Wall Street expects NKE, the world’s largest apparel company to earn 86 cents a share, up 16% from last year, on $7.81 billion in revenue, which is up 5.8% from the year-ago quarter.
Under Armour’s growth is far more exciting than Nike’s. Analysts covering UA stock expect the company to grow revenues by 26.2% this quarter and see advance per-share earnings nearly 18%.
That said, Tuesday’s pre-NKE earnings move serves as another clear sign that Under Armour’s valuation — the stock trades for 57 times forward earnings — has outpaced its growth. The UA stock price was up more than 50% at one point this year, but now sits on YTD gains around 16%.
Here are a few reasons I expect UA stock will underperform in the near-term — and thus why you should sell now and buy back in at a more favorable price later.

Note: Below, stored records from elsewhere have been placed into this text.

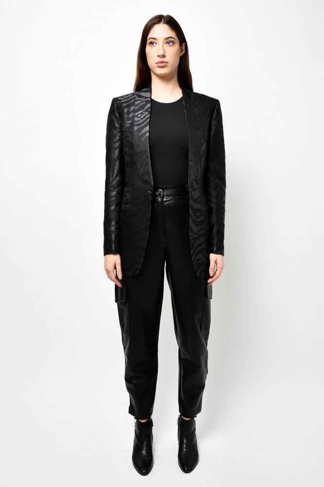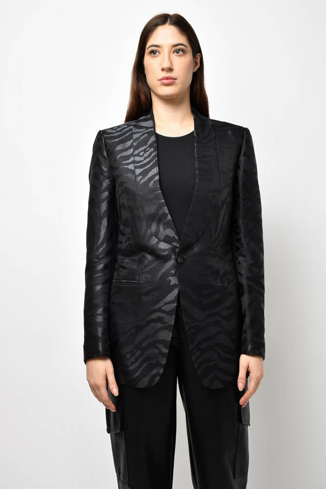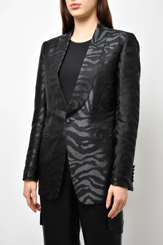 Refresh availabilityTom Ford Black Zebra Printed Silk Tuxedo Jacket. Front button closure. Padded shoulders. Lined. Tonal stitching.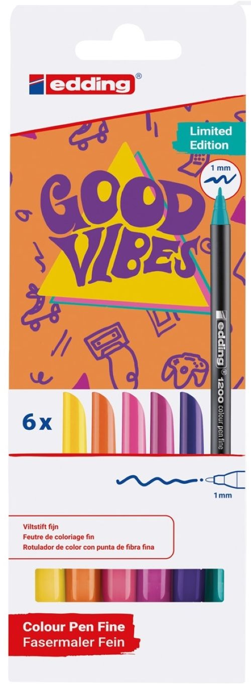 Estuche 6 rotuladores edding 1200 colores Amarillo, naranja, violeta, rosa, turquesa y magenta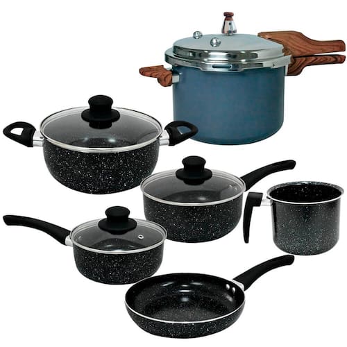 É composto por uma caçarola, duas panelas com cabo, uma frigideira, uma leiteira e uma penela de pressão, todos em alumínio com revestimento cerâmico na cor preta e granilites brancos.

UA Stock Moving Irrationally
In a piece I wrote on Oct. 20 (UA Stock: NOT For the Faint of Heart Before Q3 Earnings), I noted that shares, then trading for $100/share, looked rather expensive. I recommended staying on the sideline, and not buying UA stock before Q3 earnings two days later.
Two days later, Under Armour reported fabulous results, logging its first-ever $1 billion quarter and beating on both EPS and revenue. It had beaten revenue expectations for an incredible 27 straight quarters. Then something strange happened: UA stock plunged, losing 8%.

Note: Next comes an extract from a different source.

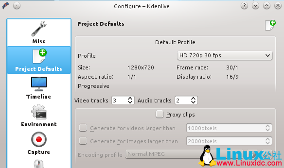 这是我的屏幕录像的设置:高清720p每秒30帧,1280x720的屏幕尺寸。如何知道该使用什么设置项? Google上有一些说明。设置这些值可到Settings > Configure Kdenlive > Project Defaults > Default Profile > HD 720p 30fps(图1)。

When stocks start to sell off after exceeding all expectations, that’s a good sign the shares are trading irrationally and that you should take your leave since there’s no longer a method to the madness. I advised investors to do just that, and they’d be better off today if they’d ditched UA stock then.

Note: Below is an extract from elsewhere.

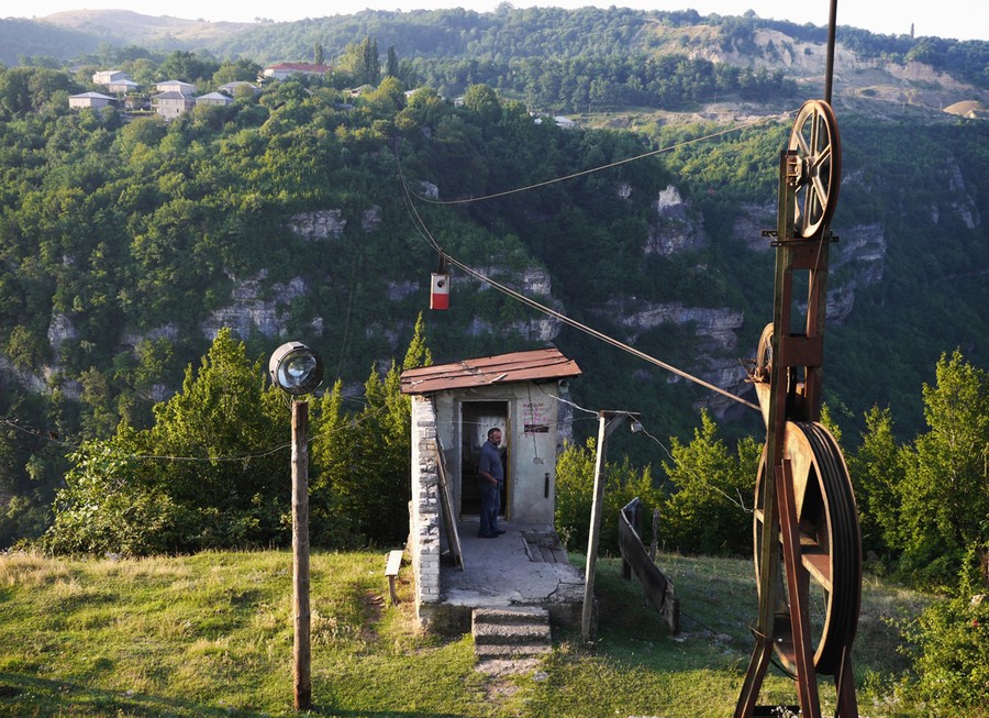 The mining town of Chiatura, Georgia, surrounded by steep cliffs, is criss-crossed by a network of aging Soviet-era aerial tramways that are still in use today. In the early 20th century, after the U.S.S.R. annexed Georgia, Soviet authorities were intent on extracting the vast manganese deposits beneath Chiatura. In the 1950s, planners began work on what locals call the "Kanatnaya Doroga," or "rope road," that still connects almost every corner of the town. Today, while some of the cars have rusted away, 17 of the aging tramways remain in service. Photographer Amos Chapple (who previously took us inside Iran and Turkmenistan) recently visited Chiatura, where he became fascinated with the cable cars and the locals who operate and ride them daily.

Today, two months later, I still think you should sell Under Armour stock, especially if you like to gear your portfolio toward short-term trades.
Not only is UA stock a mess from a valuation perspective, it’s technicals are starting to look rotten, too. It’s 50-day moving average (blue line) is quickly converging on the 200-day moving average (red line); if those two eventually cross, and I suspect they will soon, technical traders will sell the living bejesus outta this thing, and maybe even start shorting it.
Aside from all that, analyst Erinn Murphy of Piper Jaffray recently lowered her price target on Under Armour stock due to high levels of inventory going into the holidays. That usually means retailers are forced to heavily discount merchandise to move it off their shelves, and that’s precisely what UA did during the peak holiday shopping season.
Conversely, Murphy noted that wearable devices company Fitbit (FIT) was being anti-promotional, a sign of strong demand and appropriate inventory levels.
As I’ve said before, I like Under Armour the company. But I think the stock is dramatically overbought, and the market seems to be realizing it. Don’t wait on this one to rebound — it may take a few years.